DATA UNDER STUDY ▸
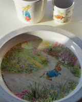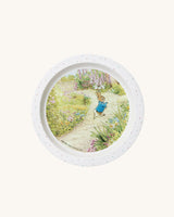 A beautiful melamine plate that is beautifully decorated with illustrations of Peter the Rabbit.
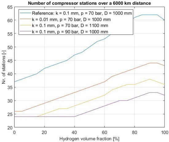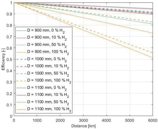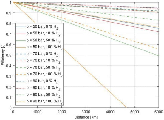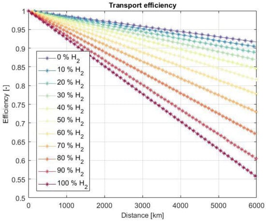 The results show that transporting the same energy content as the benchmark case (100% NG) is possible from a technical standpoint, even at 100% H2. However, mixtures with higher hydrogen content require additional compressor stations at shorter distance intervals as well as increased compressor power per station. For pure hydrogen, the compressor power per station is greater by a factor of 2–3 compared to the reference case for the same compression ratio, while the required distance between compressor stations decreases by 33%. This leads to a significant decrease in transport efficiency of up to 37%, over long distances up to 6000 km. However, for lower hydrogen contents up to 30%, the decrease in transport efficiency is below 7%, while the compressor power is greater by a manageable factor of ~1.5.
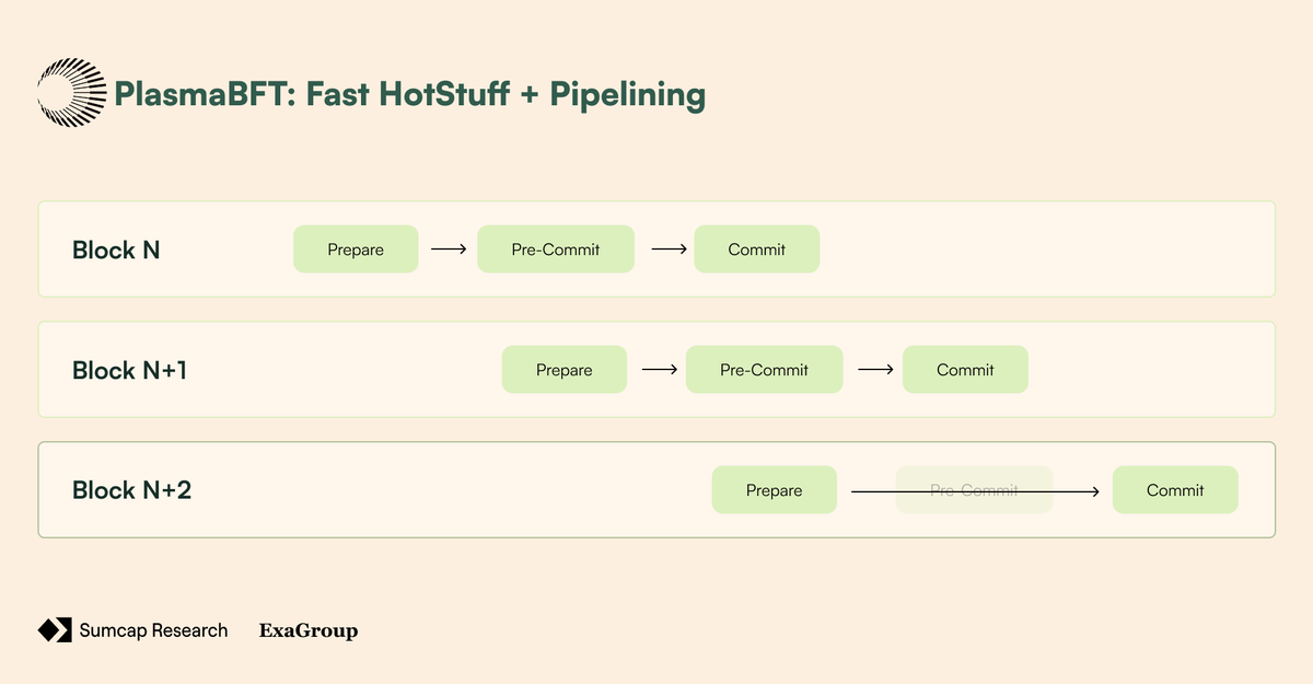 While validators are in the commit phase for block N, they can already be in the prepare phase for block N+1. The next block doesn’t have to wait for the previous block to fully finalize before starting its voting process.
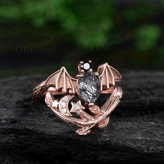 Pear black rutilated quartz ring vintage rose gold moon bat engagement ring 14k rose gold retro leaf star diamond wedding ring women jewelry
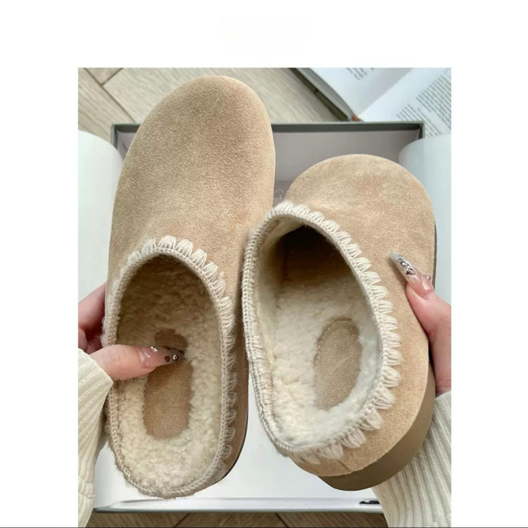 [뒤꿈치 높이 3cm] 두꺼운 바닥 Birkenburg Mao 슬리퍼 여성 2024 년 겨울 새 외부 높이 캐주얼 면 반 슬리퍼

WORK TASK ▸ Print the data word for word and omit the pictures.

EXERCISE RESPONSE ▸
 A beautiful melamine plate that is beautifully decorated with illustrations of Peter the Rabbit.
 The results show that transporting the same energy content as the benchmark case (100% NG) is possible from a technical standpoint, even at 100% H2. However, mixtures with higher hydrogen content require additional compressor stations at shorter distance intervals as well as increased compressor power per station. For pure hydrogen, the compressor power per station is greater by a factor of 2–3 compared to the reference case for the same compression ratio, while the required distance between compressor stations decreases by 33%. This leads to a significant decrease in transport efficiency of up to 37%, over long distances up to 6000 km. However, for lower hydrogen contents up to 30%, the decrease in transport efficiency is below 7%, while the compressor power is greater by a manageable factor of ~1.5.
 While validators are in the commit phase for block N, they can already be in the prepare phase for block N+1. The next block doesn’t have to wait for the previous block to fully finalize before starting its voting process.
 Pear black rutilated quartz ring vintage rose gold moon bat engagement ring 14k rose gold retro leaf star diamond wedding ring women jewelry
 [뒤꿈치 높이 3cm] 두꺼운 바닥 Birkenburg Mao 슬리퍼 여성 2024 년 겨울 새 외부 높이 캐주얼 면 반 슬리퍼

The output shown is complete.